— EXERCISE DATA —
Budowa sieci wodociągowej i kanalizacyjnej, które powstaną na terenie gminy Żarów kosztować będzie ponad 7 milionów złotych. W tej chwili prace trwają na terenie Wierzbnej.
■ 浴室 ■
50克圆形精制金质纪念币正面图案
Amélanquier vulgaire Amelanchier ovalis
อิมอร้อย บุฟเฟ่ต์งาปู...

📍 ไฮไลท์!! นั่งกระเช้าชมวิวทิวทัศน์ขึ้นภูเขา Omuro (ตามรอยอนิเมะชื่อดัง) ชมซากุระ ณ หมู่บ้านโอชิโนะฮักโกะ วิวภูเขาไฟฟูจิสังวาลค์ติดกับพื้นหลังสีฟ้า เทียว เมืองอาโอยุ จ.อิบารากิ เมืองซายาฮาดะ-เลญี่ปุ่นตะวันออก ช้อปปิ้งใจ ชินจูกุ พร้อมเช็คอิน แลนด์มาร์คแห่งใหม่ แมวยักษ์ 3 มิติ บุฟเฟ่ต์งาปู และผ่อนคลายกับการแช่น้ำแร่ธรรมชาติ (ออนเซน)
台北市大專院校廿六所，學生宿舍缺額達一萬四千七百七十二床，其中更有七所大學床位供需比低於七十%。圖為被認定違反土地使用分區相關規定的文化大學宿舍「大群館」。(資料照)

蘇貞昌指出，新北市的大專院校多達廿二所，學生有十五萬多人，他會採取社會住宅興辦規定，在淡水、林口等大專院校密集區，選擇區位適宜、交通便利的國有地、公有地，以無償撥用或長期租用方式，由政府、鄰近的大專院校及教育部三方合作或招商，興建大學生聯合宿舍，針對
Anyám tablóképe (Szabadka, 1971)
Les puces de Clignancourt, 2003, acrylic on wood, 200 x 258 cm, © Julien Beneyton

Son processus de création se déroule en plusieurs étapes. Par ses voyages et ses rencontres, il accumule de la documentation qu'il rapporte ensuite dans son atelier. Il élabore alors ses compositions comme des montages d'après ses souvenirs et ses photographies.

==

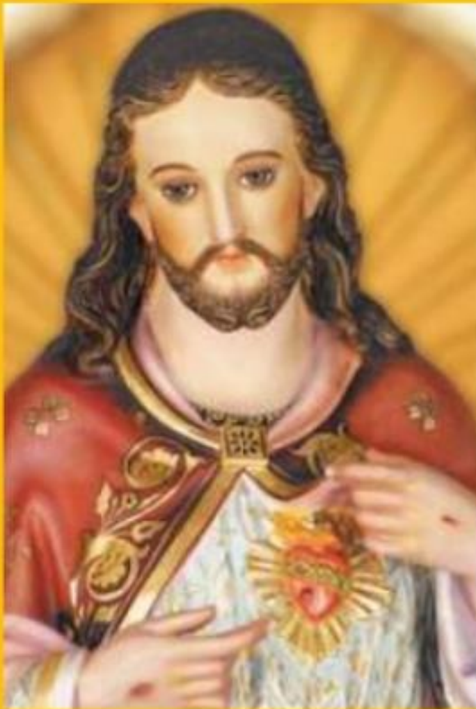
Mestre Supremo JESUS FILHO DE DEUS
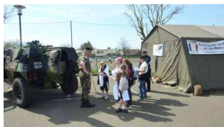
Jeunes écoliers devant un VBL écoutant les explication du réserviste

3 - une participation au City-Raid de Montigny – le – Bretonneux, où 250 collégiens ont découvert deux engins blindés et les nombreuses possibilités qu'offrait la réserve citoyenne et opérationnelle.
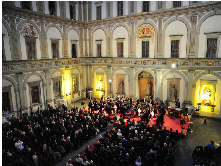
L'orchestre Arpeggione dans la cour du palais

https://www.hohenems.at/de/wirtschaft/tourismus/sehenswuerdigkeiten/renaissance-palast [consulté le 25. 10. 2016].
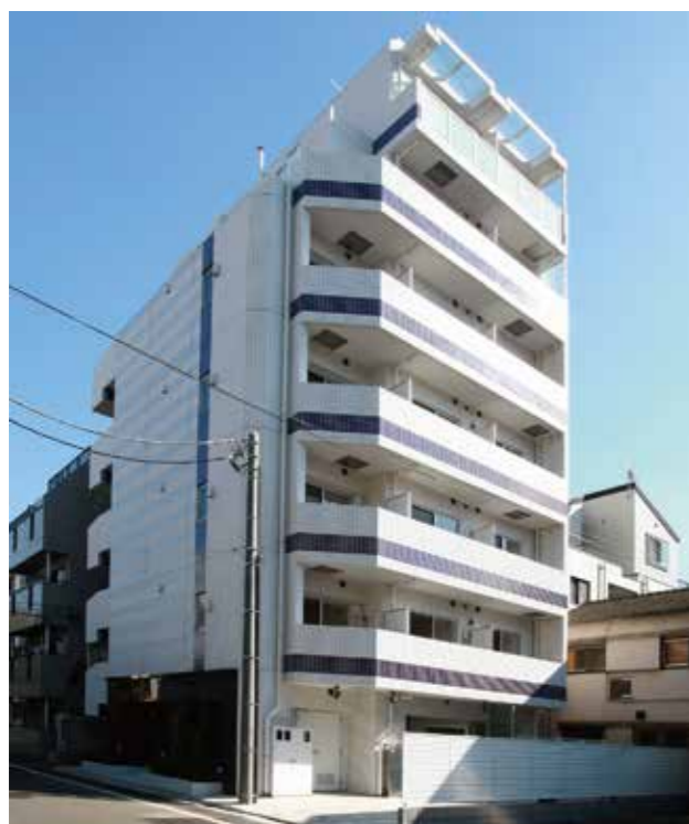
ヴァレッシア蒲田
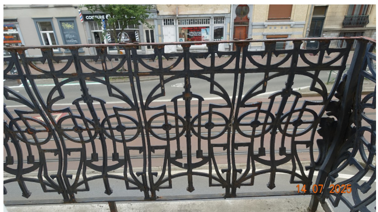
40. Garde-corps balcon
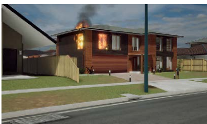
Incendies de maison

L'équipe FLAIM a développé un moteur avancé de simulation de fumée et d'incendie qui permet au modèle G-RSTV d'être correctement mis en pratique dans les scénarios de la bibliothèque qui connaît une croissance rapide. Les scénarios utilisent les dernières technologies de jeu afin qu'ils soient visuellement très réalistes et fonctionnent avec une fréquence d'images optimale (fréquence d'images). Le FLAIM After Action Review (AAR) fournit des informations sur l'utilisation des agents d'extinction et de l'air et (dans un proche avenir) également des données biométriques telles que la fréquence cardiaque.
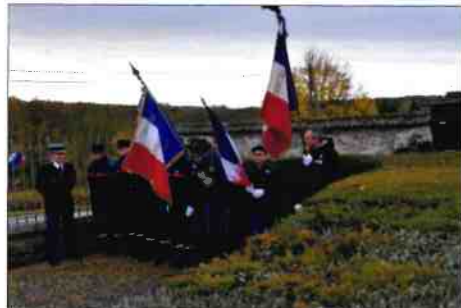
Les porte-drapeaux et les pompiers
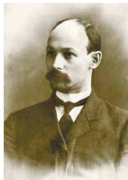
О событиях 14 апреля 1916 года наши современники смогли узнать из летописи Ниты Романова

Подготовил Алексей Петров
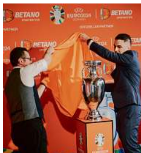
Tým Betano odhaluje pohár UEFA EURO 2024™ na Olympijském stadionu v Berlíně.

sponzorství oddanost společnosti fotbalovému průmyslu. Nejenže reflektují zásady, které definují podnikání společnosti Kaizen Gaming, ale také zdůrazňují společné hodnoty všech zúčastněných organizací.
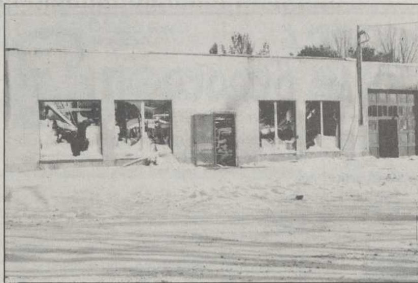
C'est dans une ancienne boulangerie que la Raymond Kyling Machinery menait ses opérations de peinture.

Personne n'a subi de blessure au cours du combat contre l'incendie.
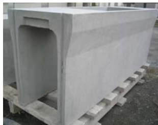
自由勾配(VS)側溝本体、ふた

— WHAT TO DO —
Output only the stretch above from the line with "Personne n'a subi" through the line with "自由勾配(VS)側溝本体、ふた", reproduced exactly. Exclude pictures.

— EXERCISE SOLUTION —
Personne n'a subi de blessure au cours du combat contre l'incendie.
自由勾配(VS)側溝本体、ふた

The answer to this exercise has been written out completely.